Tuesday, January 24, 2006

NJJN Sports: Out to launch

January 24, 2006 -- After writing sports pieces on and off for the New Jersey Jewish News since I became a full-time writer in June 2004, the paper decided to find a home for them. Ladies and gentleman, may I introduce to you NJJN Sports.

It's amazing the sense of accomplishment -- not to mention power -- one gets when given his own project. I get to introduce myself as "sports editor." The title opens many doors and gives a certain amount of cache.
It's also amazing how much there is to write about. The comon joke is that the thinnest book in print is Famous Jewish Athletes. But fame is a relative term.

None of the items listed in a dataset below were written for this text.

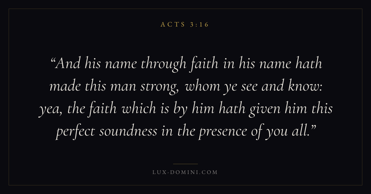 And his name through faith in his name hath made this man strong, whom ye see and know: yea, the faith which is by him hath given him this perfect soundness in the presence of you all.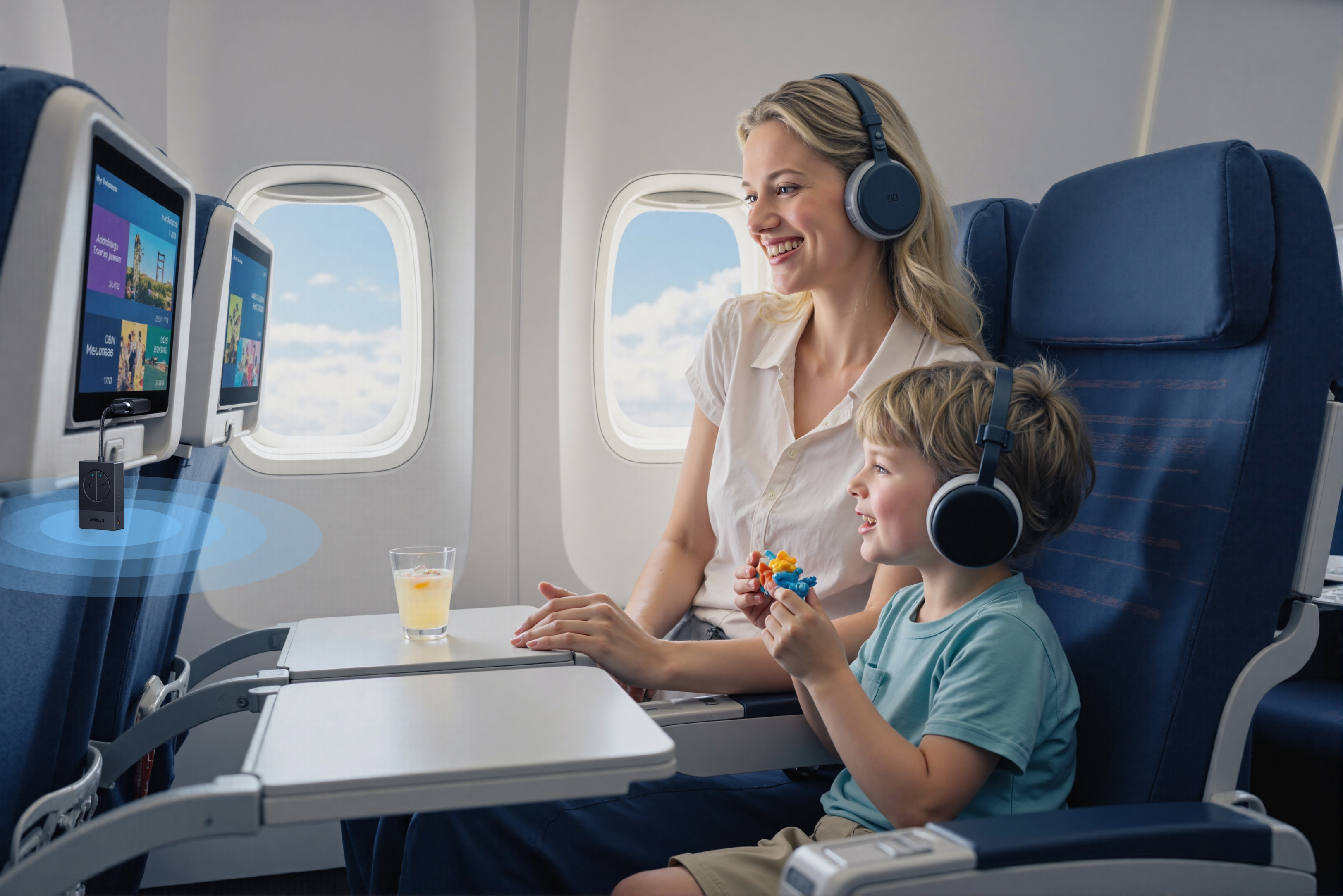 - Doubles prises jack 3,5 mm (avions) : Connectez l'adaptateur AUX double 3,5 mm à la prise jack 3,5 mm de l'émetteur, puis branchez l'adaptateur dans les connecteurs audio de l'avion.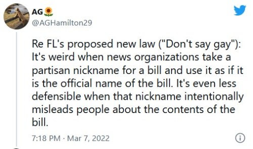 The NPR report is particularly egregious. Not only does the headline call it the “Don’t Say Gay” bill, but in the text of the article, it refers to “the so-called Parental Rights in Education” bill. Wait, wut? “Parental Rights in Education” is literally the bill’s official title!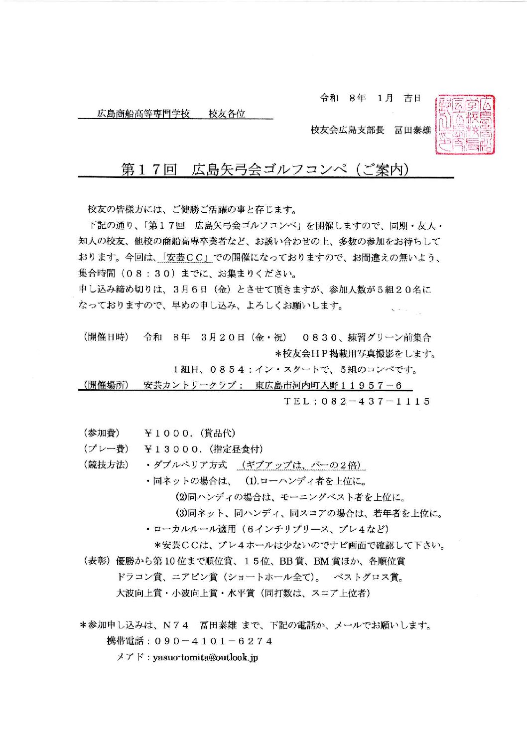 校友の皆様方には、ご健勝ご活躍の事と存じます。 下記の通り、「第17回 広島矢弓会ゴルフコンペ」を開催しますので、 知人の校友、他校の商船高専卒業者等、お誘いあわせの上、多数の参加をお待ちしております。 今回は、「安芸CC」での開催になっておりますので、お間違えの無いよう、 集合時間(08:30)までにお集まりください。 申し込み締め切りは、3月6日(金)とさせて頂きますが、参加人数が5組20名になっておりますので、 早めの申し込み、よろしくお願いいたします。 (開催日時) 令和8年3月20日(金・祝) 0830 練習グリーン前集合 …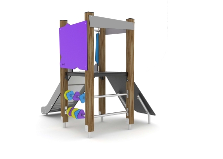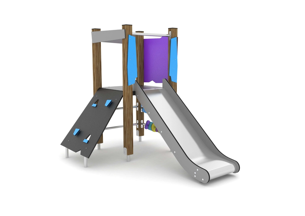 A great option for a smaller play unit packed with play value! With slide, mini climb wall, spinning shapes and two rung ladder. A wonderful challenge for all age groups.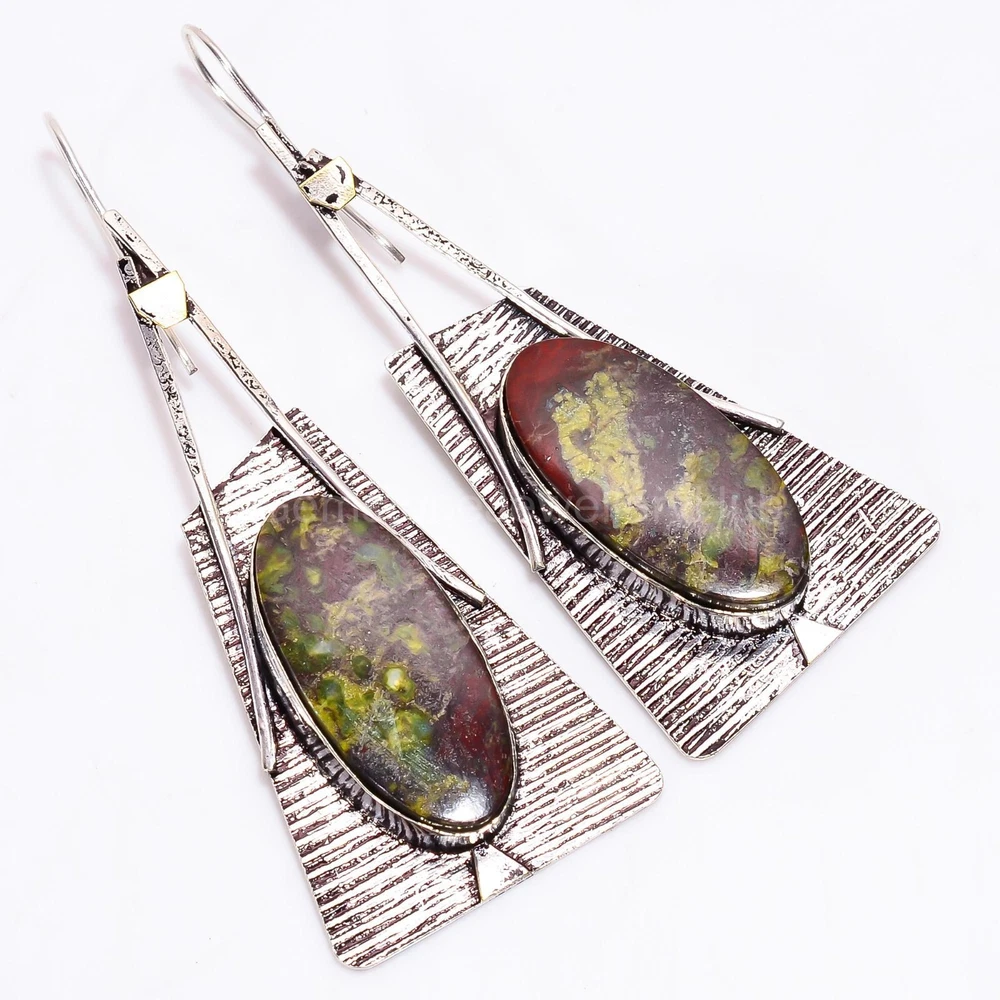 Welcome to Gemstonejewelleryhub Birthday Gift For Her Dragon Jasper Gemstone Drop/Dangle Earrings 925 Silver Handmade Earrings, Sterling Silver Earrings, Dragon Jasper Earrings, Handcrafted Earrings These beautiful earrings are a perfect addition to any jewelry collection. The oval-shaped dragon jasper gemstone is set in a silver channel-set, with a drop/dangle style that is sure to catch the eye. The earrings are handcrafted and engraved, making them a unique and special piece. As seen in the picture, the earrings are eye-clean and feature a multi-color dragon jasper gemstone, with no secondary stones. The earrings are 3.1 inches in length and are perfect for any occasion, whether it be an engagement, wedding, anniversary, or birthday. These earrings are nickel-free and come with a seller warranty and are signed. Add a touch of bohemian, ethnic, and healing themes to your outfit with these beautiful earrings. SKU : AAE-1508 Gemstone : Dragon Jasper Stone Shape : Oval Metal Purity : 925 Sterling Silver Length : 3.1 Inches Width : Inches ___________________________________________________________________ Shipping Handling - Charge - Free ( Condition apply ) Handling Time - One business day . Delivery Time - 3 to 23 Days ( Various on destination ) Postage service - (A.) India Post - Below $100 order which takes 11 to 23 days . (B.) USPS, Fedex, DHL , Aramax- Order above $100 which takes 3 to 7 days . _________________________________________________________________ Returns - 1. We provide a 100% Money Back Guarantee, excluding shipping costs, within 30 days from the date of item receipt. 2. The item must not be altered or damaged in any way shape or form. 3. Upon receiving these items your payment will be refunded. 4. Kindly reach out to us via email to obtain return instructions prior to initiating the return of merchandise. 5. Please allow up to 1 business day for all returns to receivecredit. 6. Sizing does not affect the return policy. _________________________________________________________________ Payment - We accept PayPal for Payment , should made within three days once buying or winning done , in case of late information expected . _________________________________________________________________ FAQ's - Q.(A) ARE THE ITEMS YOU ARE SELLING BRAND NEW? We exclusively offer brand-new products, refraining from the sale of pre-owned jewelry. Our entire jewelry collection is composed of 100% natural, conflict-free pieces. We do not engage in the trade of imitation or lab-grown gemstones and diamonds. Q.(B) WHAT ARE YOUR BUSINESS HOURS? Our business hours are Monday to Friday, 10:00AM to 6:00PM, excluding holidays. ________________________________________________________________ Gemstonejewelleryhub is dedicated to providing customers with exceptional handmade jewelry crafted to the highest standards of quality. We operate as both connoisseurs and manufacturers of artisanal jewelry, possessing a profound expertise in the art of elevating gemstones to perfectly align with any aesthetic preference. We are pleased to offer you the opportunity to create your own jewelry collection, adorned with authentic and exquisite natural gemstones. Our team of highly skilled artisans painstakingly crafts each individual jewelry piece, ensuring the creation of products with a unique identity that feature genuine gemstones. The jewelry articles presented on our website accurately depict the precise pieces that you will receive.
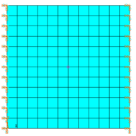 Квадратная пластина нагружена поперечной сосредоточенной силой, приложенной в ее центре. Закрепление пластины осуществляется путем заделки ее двух сторон.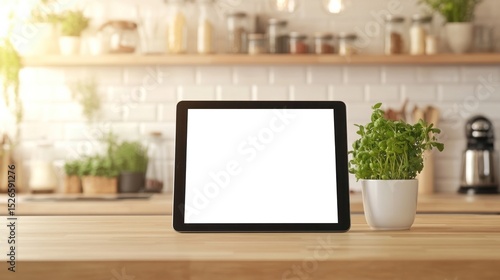 Empty Tablet on Kitchen Countertop with Fresh Herbs

The 10-year-old swimmer who comes in first at a JCC meet may not be famous...yet. But he's no less a hero to his family and friends. The same can be said for the 86-year-old sports writer who still comes to work every day.

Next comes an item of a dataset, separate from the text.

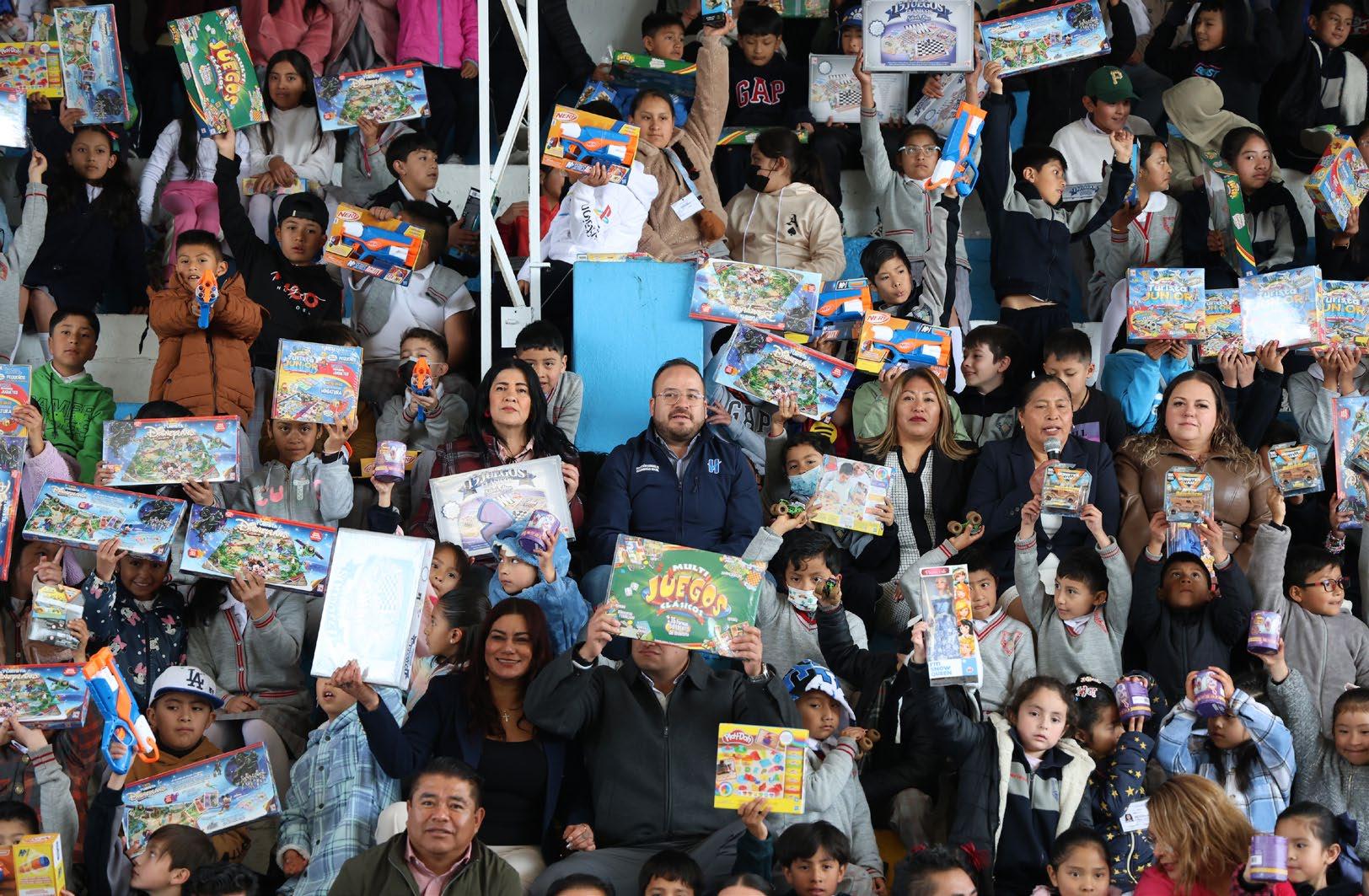 En la Primaria “Fray Ignacio Toriz”, ubicada en la Cabecera Municipal, el Gobierno de Huixquilucan concluyó con la entrega de 26 mil juguetes a estudiantes de diversas escuelas del territorio, con el propósito de llevar alegría y amor a cada infante y reconocer su esfuerzo, buen comportamiento y dedicación al asistir a clases. Durante la festividad, del Día de Reyes, la presidenta municipal compartió con los estudiantes que la entrega de estos juguetes tiene el propósito de fomentar una sana convivencia entre sus compañeros y contribuir a su desarrollo integral, pues jugar impulsa habilidades físicas, cognitivas, sociales y emocionales, mejorando la motricidad, la creatividad y la empatía,

I was at a program on Sports Columnists in a Changing Media last week at the Yogi Berra Museum. Three prominent journalists -- Dave Anderson of The New York Times, Maury Allen, late of the New York Post, and Filip Bondy of the New York Daily News -- gave their considered opinions on the state of the profession to a bunch of high school and college kids. Anderson and Allen, who began their careers when Eisenhower was president, had a ton of interesting anecdotes, but I had to wonder how much of it was getting through to a generation that barely knows what life was like before Ipods.

Anderson and Allen spoke about travelling by train with the players they covered, of a time when the athletes made about the same salaries as sportswriters, and lived in the neighborhoods the teams played in. Bondy, who came along about twenty years later, noted unhappily how the advent of cable TV, sports radio programs, and the Internet have had the effect of drasticlaly increasing the number of media personnel at any given game. Athletes are more interested in "safe, 10-second sound bites for television" than thoughtful interviews.

One of the things I've noticed in such books as Lawrence Ritter's The Glory of Their Times is the eloquence with which most of the ballplayers spoke, even those who did not have the benefit of a high school diploma (cf. HBO's Deadwood).